Humans have been hunting since the dawn of our species, and the bow is one of our oldest inventions other than the spear, and the big rock. While we’ve greatly improved our arsenal since those bygone days, there is something pure and primitive about bow hunting that we can’t let go of. And if you’re living off the grid, it is a great skill to have in your arsenal if you want to supplement your stores with some fresh meat. If you really want to improve your bow skills, though, check out these tips from In Search of White Tails, Grand View Outdoors, and Outdoor Channel.
4 Bow Hunting Tips to Turn You Into Hawkeye
Tip #1: Practice Putting The Arrows Where You Want Them
This seems like the most basic tenet of bow hunting; shoot until your hand and eye can sink the shaft every time. However, just because it sounds simple, that doesn’t mean it is.
If you want to be a successful bow hunter, then you need to be able to nock, draw, and fire quickly and accurately. You should practice shooting from a number of positions, as well as while you’re moving. You should also shoot at a moving target, if at all possible, so you can get used to leading, and gauging time and distance between your arrow and your quarry. After all, being able to hit the bulls-eye if you have all the time in the world to aim is great, but sometimes you only have a heartbeat and a half to make your shot count.
Tip #2: Practice Your Draw
Drawing the bow is a strain on the body, especially if your shoulders, upper back, and hand strength aren’t where you need them to be. However, being able to draw your bow and hold the string to your cheek while you aim is only one part of the equation. You also need to be able to quickly draw an arrow, and nock it to your bow. This is especially helpful if your first shot misses, or doesn’t land where you want it to, only injuring your animal instead of killing it.

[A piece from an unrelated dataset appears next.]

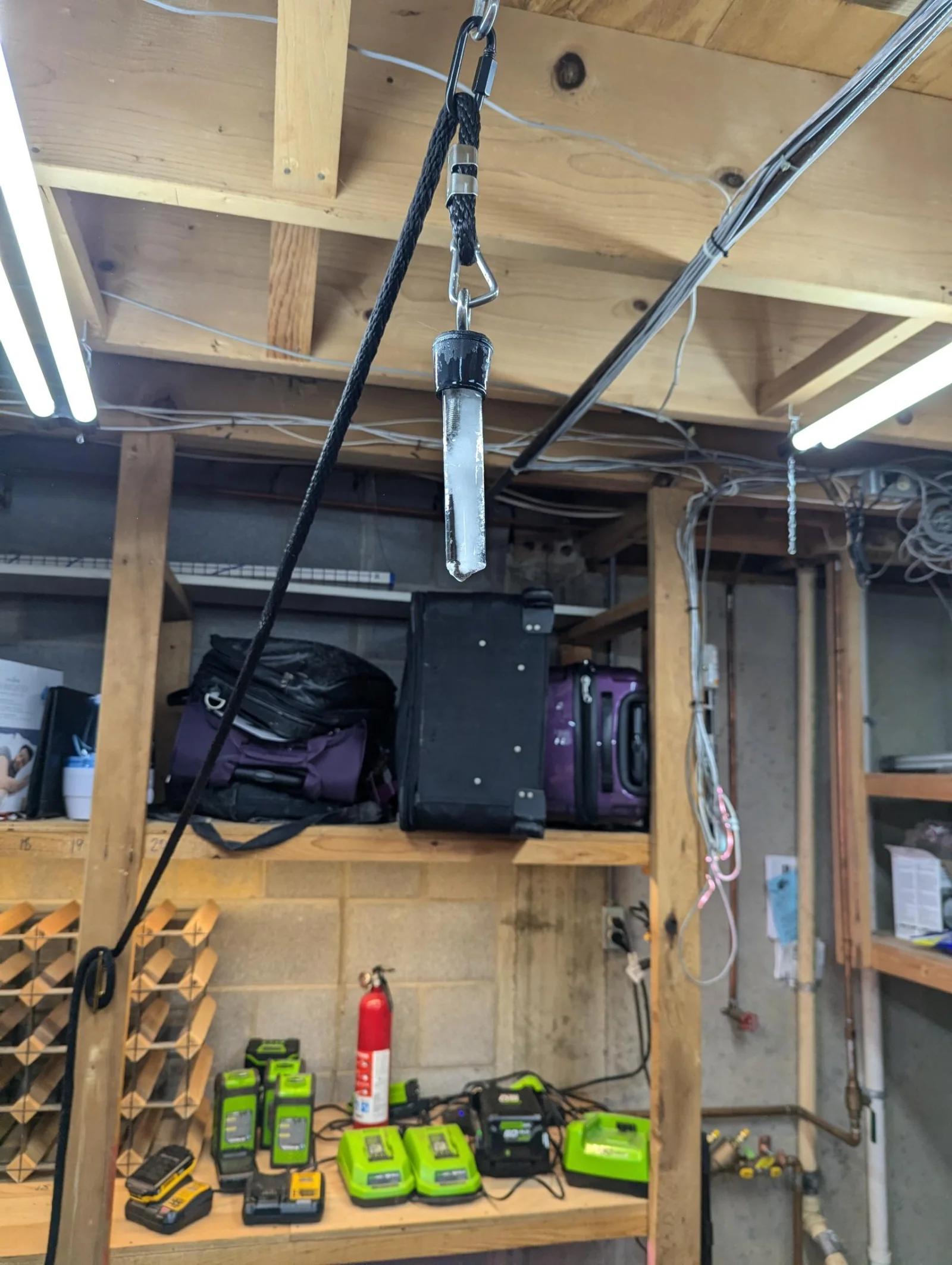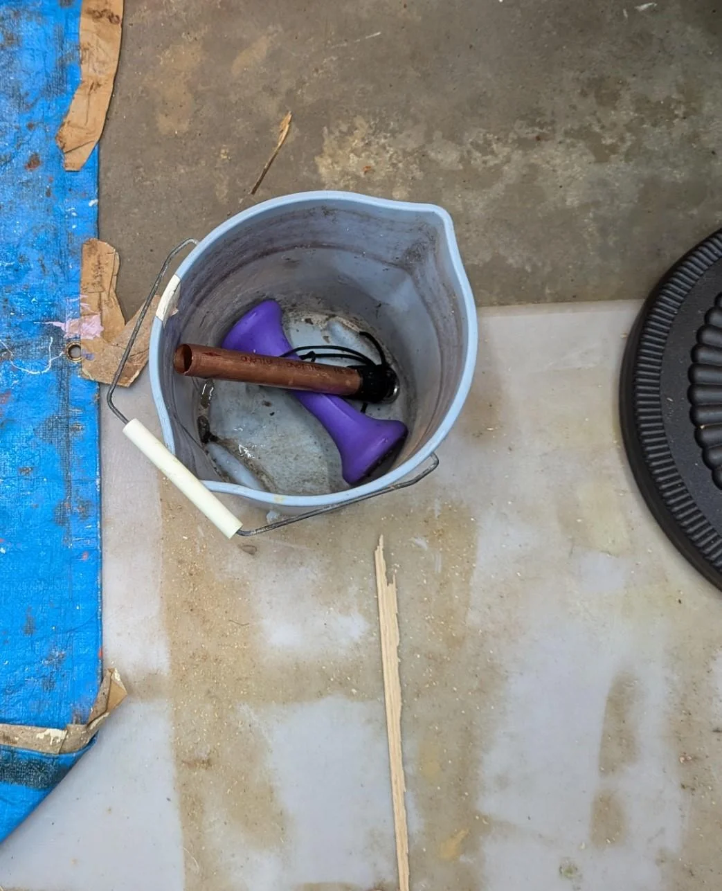 One assembled, it was filled with tap water. I was rather surprised and found no leaks and placed the device in the freezer for two days (probably overly long but the 4th was a busy day). This morning I got it out and hung it up in my work shop with a bucket below to hopefully everything when the ice gave out: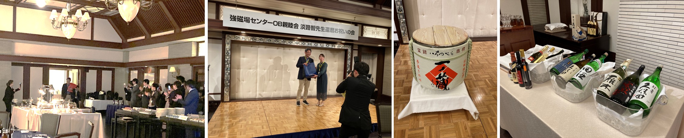 今年で還暦を迎えられた強磁場センター淡路先生の還暦祝いが同センターOB会を兼ねて開催されました。何故が入場がアントニオ猪木の入場テーマINOKI BOM-BA-YEなのが笑えます(お決まりの「1,2,3,ダー」で開幕)。強磁場センターらしく大量の日本酒が届けられましたが、2次会までにほとんど消費したのがすごかった・・・。全国から懐かしい顔ぶれがあつまり(当時は低温センターにもよく実験に来ていたし、研究室旅行も低温・強磁場グループでやっていました)、楽しいひと時を過ごしました。

Accuracy and power are important, but being able to fire quickly is also a big part of successful bow hunting.
Tip #3: Know When You Can, And Can’t, Make A Shot
While Hollywood archers from Legolas to Robin Hood always have perfect aim, you don’t have the luxury of a team of special effects artists, and the ability to do 20 or 30 takes to get the shot right. If you’re looking at a deer, a turkey, or even a rabbit, you need to know before you even think about letting go of the shaft whether it’s going to hit. Just releasing and hoping for the best is a great way to go home empty-handed, and with your arrows lost somewhere in the underbrush.

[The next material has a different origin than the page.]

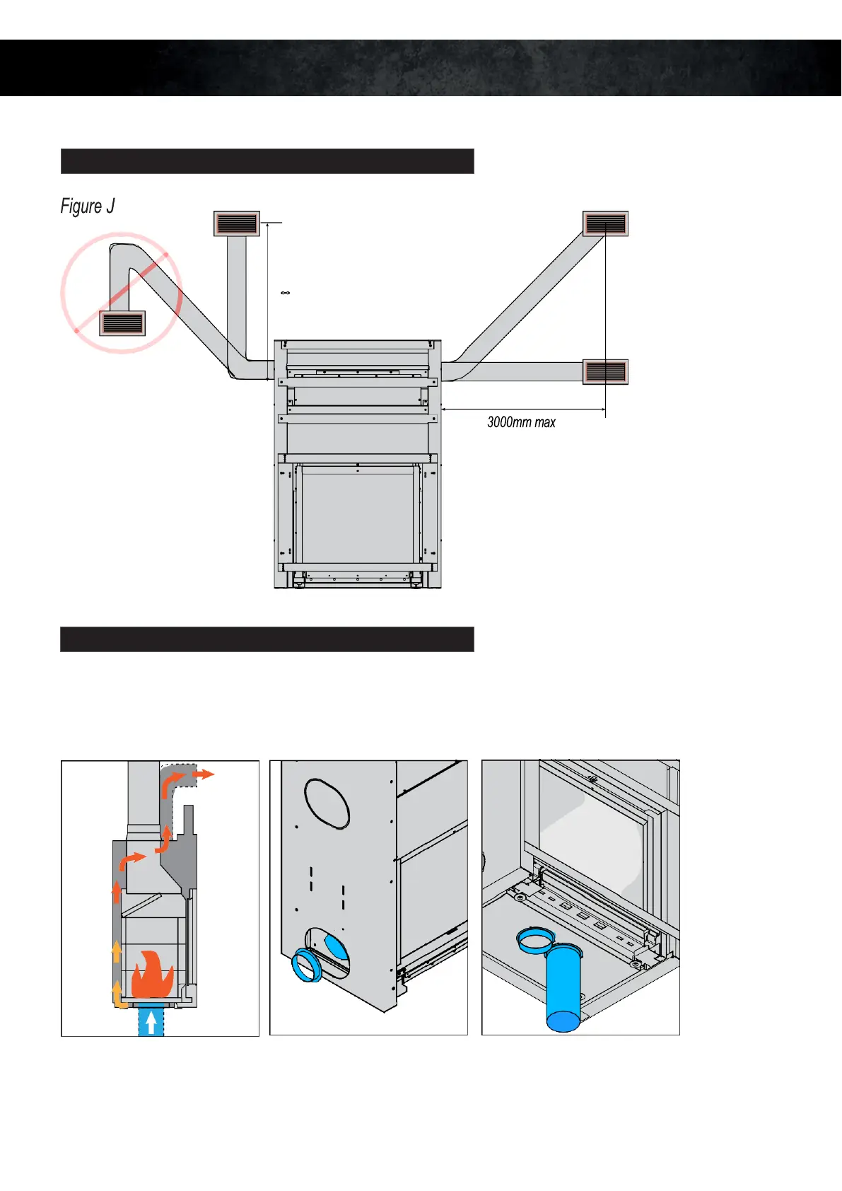 The air circulates around the combustion chamber, gets hot and goes out through convection grates in

Tip #4: Pick Your Gear Carefully
Different archers prefer different equipment when they’re on the trail, and before you go after serious game it’s important to know what works for you. For example, you might prefer a traditional bow with no bells or whistles, but you might like an attachment that holds additional arrows in a more convenient way than a hip or back quiver. You might have a strong back and upper arm, but your wrist might buckle when put under pressure, so a wrist brace is a necessity. Maybe you prefer simple arrows, or you like your ammunition tough and deadly so that if you hit, you know you’re going to drop your prey.
Evaluate all the tools you have available, and experiment to find the ones that work for you. Every bow hunter is different, and you need to know what works best with your style. Also, when you’re in the field, make sure you have back-ups in case a piece of gear goes missing, or gets damaged, so you’re not out of options.